Visualization of Transformation Toughening for Newly Developed Ce-TZP/Alumina Nanocomposite

Objectives: The aim of this study was to perform a microscopic fracture mechanics assessment for newly developed Ce-TZP/Alumina nanocomposite and to provide information on transformation zone size and generated residual stress fields around a crack path according to in situ Raman spectroscopy, in comparison to a conventional 3 mol% Y-TZP.
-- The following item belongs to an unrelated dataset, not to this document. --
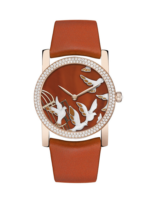 一群鸽子从镶钻的黄金鸟笼中逃脱,在一片橙色宝石的晴空中自由翱翔。採用浮雕技术雕琢而成的鸟儿,透过纯白色的雕刻玛瑙与镶嵌上大明火珐琅凸面圆形图案的翅膀尖端,在表盘上脱颖而出。

Methods: The investigated Ce-TZP/Alumina nanocomposite achieved three times the toughness and equivalent or even higher strength of Y-TZP. This material was composed of 10 mol% Ce-TZP as a matrix phase and 30 vol% of alumina as a secondary phase. It partly possessed an intragranular microstructure, in which nanometer sized alumina particles were trapped within the sub-micron sized Ce-TZP grains. In order to conduct fracture mechanics assessments, cracks were produced from the corners of a Vickers indentation by pressing an indenter onto a polished surface of the specimen. Raman spectra were collected with microscopic spatial resolution and analyzed by using a triple monochromator spectrometer (T-64000, ISA Jovin-Ivon/Horiba Group, Japan) equipped with a charge-coupled detector (high-resolution CCD camera). In Raman mapping, a suitable excitation frequency was a monochromatic blue line emitted by an Ar-ion laser at a wavelength of 488 nm.

Results: For Ce-TZP/Alumina nanocomposite, both significant amount of tetragonal-to-monoclinic (t-m) transformation and rather high compressive residual stresses were visualized behind and ahead of the crack path in relatively large areas of the order of tens of micron meters. On the other hand, in 3Y-TZP, rather small amounts of t-m transformation and less compressive residual stresses could be observed. In contrast, only in 3Y-TZP, a pronounced tensile residual stress was observed in the zone immediately ahead of the crack tip.

Conclusion: According to the present quantitative characterization based on in situ Raman microprobe spectroscopy, the actual microscopic mechanism behind the unique toughening and strengthening behaviors of Ce-TZP/Alumina nanocomposite was clarified.